**Exercise requirements:**
Return, word for word, the lines of the listing below from the one with "ถั่วลายเสือคั่วโรยเกลือ คอเลสเตอรอล 0%" through the one with "NOEMIN Glow in", and no other lines.

── Available data ──

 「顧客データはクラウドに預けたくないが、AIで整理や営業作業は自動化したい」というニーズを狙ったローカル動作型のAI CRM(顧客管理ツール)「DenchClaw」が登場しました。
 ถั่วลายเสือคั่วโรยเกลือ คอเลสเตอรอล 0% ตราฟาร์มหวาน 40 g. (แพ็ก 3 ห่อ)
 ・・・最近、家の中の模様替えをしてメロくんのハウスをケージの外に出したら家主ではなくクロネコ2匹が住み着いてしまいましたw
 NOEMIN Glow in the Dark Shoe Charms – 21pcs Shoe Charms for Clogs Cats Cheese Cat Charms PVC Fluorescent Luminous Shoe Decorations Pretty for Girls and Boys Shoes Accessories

───
── Available data ──

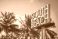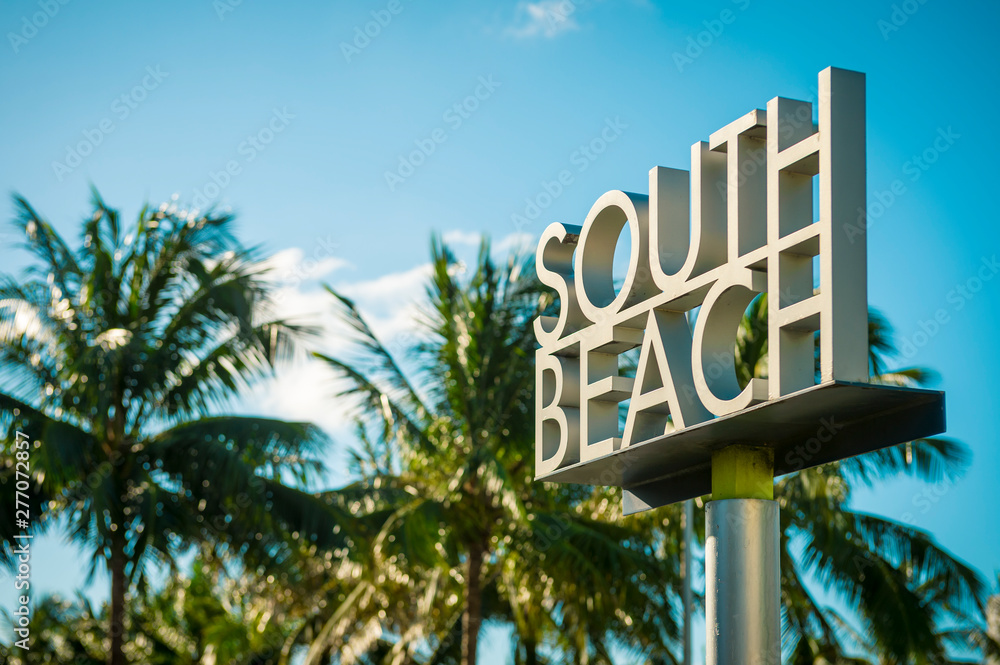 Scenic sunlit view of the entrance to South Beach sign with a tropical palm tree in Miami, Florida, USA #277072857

───

**Output below:**
 ถั่วลายเสือคั่วโรยเกลือ คอเลสเตอรอล 0% ตราฟาร์มหวาน 40 g. (แพ็ก 3 ห่อ)
 ・・・最近、家の中の模様替えをしてメロくんのハウスをケージの外に出したら家主ではなくクロネコ2匹が住み着いてしまいましたw
 NOEMIN Glow in the Dark Shoe Charms – 21pcs Shoe Charms for Clogs Cats Cheese Cat Charms PVC Fluorescent Luminous Shoe Decorations Pretty for Girls and Boys Shoes Accessories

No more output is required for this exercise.